**Your task:**
Leaving the pictures aside, transcribe only and exactly the lines from the one with "25 Pfennig 1909 A, 1910 A KM 18 2 ks" through the end of the entries, both included.

**Data supplied:**
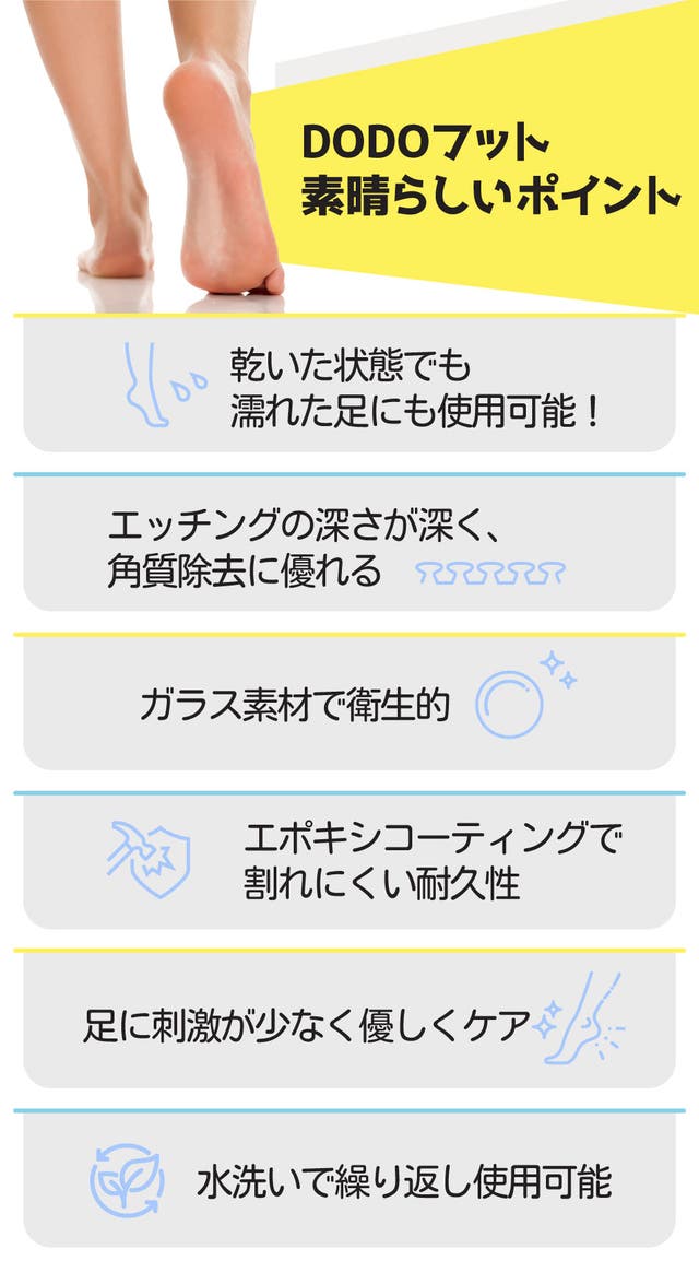 グリップ感が悪く破損しやすい薄いグラス角質取りのデメリットを補うデザインにしました。力を入れすぎずに足裏をより楽にケアしてください。
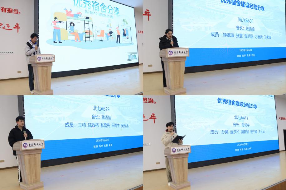 为发挥榜样引领作用,大会邀请北七B410自动化252李文强、南六B606测控242万春贤、北七A629自动化241蒋语恒、北七A411自动化233陈韬宇作为优秀宿舍代表进行经验分享。四位宿舍代表依次上台,结合日常实际,从值日分工、日常整理、细节收纳、公约制定等方面分享了宿舍卫生保持与集体管理的实用方法,充分展现了示范宿舍的良好风貌。
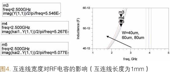 除互連線長度之外,互連線的寬度也會對RF電容產生影響。在襯底的製作過程中,線寬通常會發生變化(舉例來說,與設計寬度相比,實際線寬的變化範圍為±10.0μm~±15.0μm)。如圖4所示,如果設計的互連線為1.0mm長,60.0μm寬,實際卻達到40.0μm寬,在2.5GHz下等效電容變化將達到5.3%(以3.0pF接地SMD電容為例)。如果把這種SMD電容用於濾波器中,對於RF應用來說,電容值5.3%的變化將導致約2.7%的頻移。我們必須對RF應用中含有SMD電容的RFSiP模塊的襯底製造容差進行細致研究。
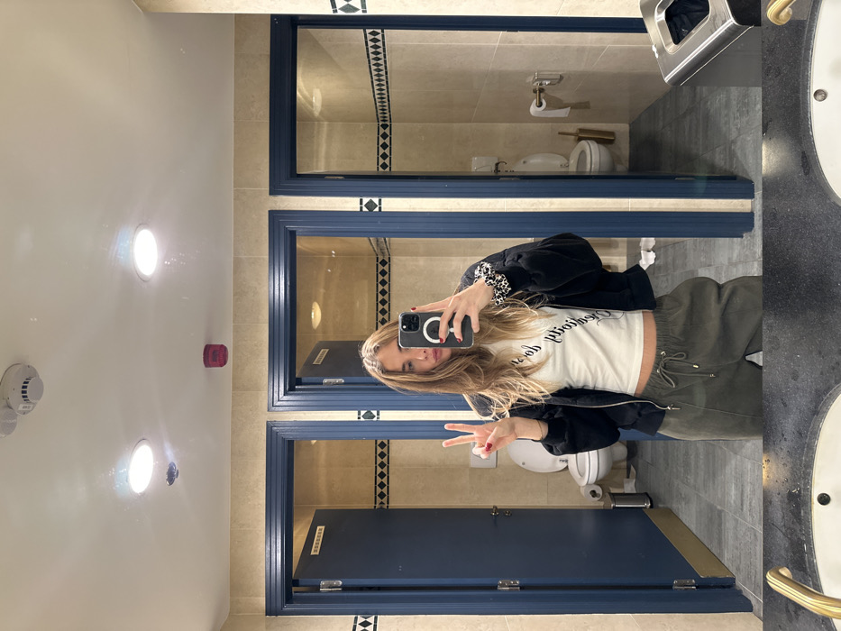 A woman stands in a public restroom, taking a mirror selfie. She is wearing a white T-shirt, a black jacket, and green sweatpants. She is holding up two fingers in a peace sign. The restroom has a series of stalls with dark blue doors and a black and beige tiled wall. There is a sink and a paper towel dispenser visible in the reflection. The lighting is bright, with several round lights on the ceiling.
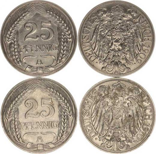 25 Pfennig 1909 A, 1910 A KM 18 2 ks
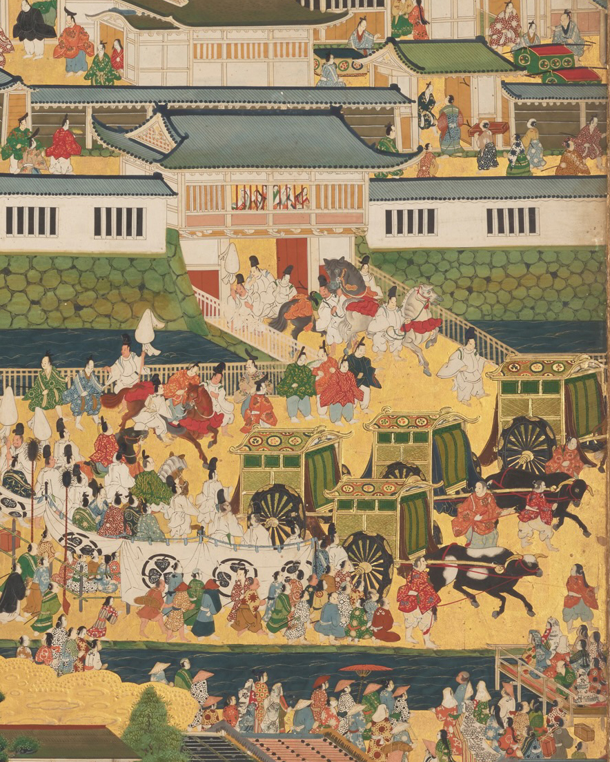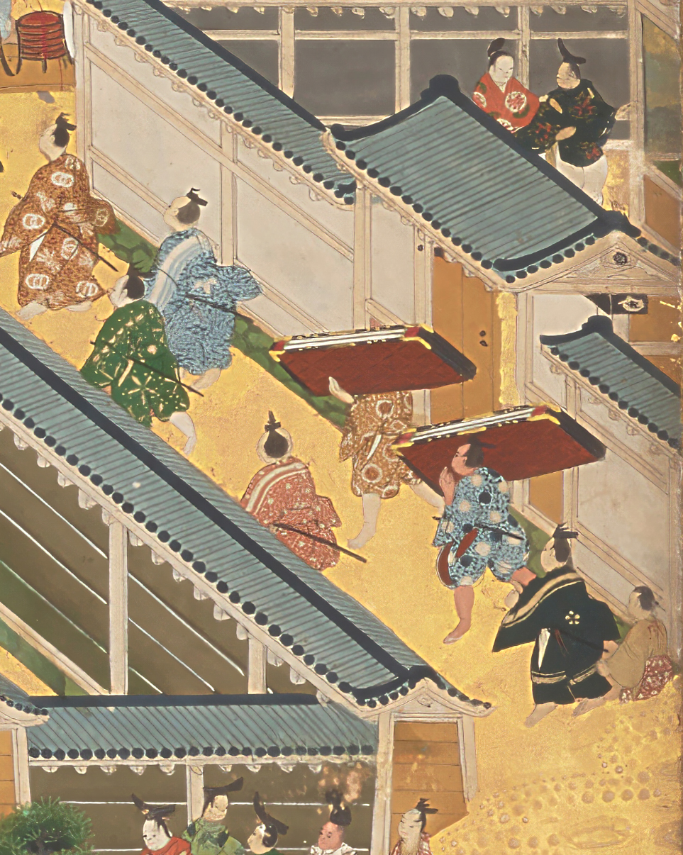 内裏近く、行列の一行とは異なる道筋に、屛風を抱えて急ぐ 2 人の男衆の姿がある。何ら梱包もされず、新調したばかりの屛風を納めに走っているのはなぜだろうか?

**Task output:**
 25 Pfennig 1909 A, 1910 A KM 18 2 ks
 内裏近く、行列の一行とは異なる道筋に、屛風を抱えて急ぐ 2 人の男衆の姿がある。何ら梱包もされず、新調したばかりの屛風を納めに走っているのはなぜだろうか?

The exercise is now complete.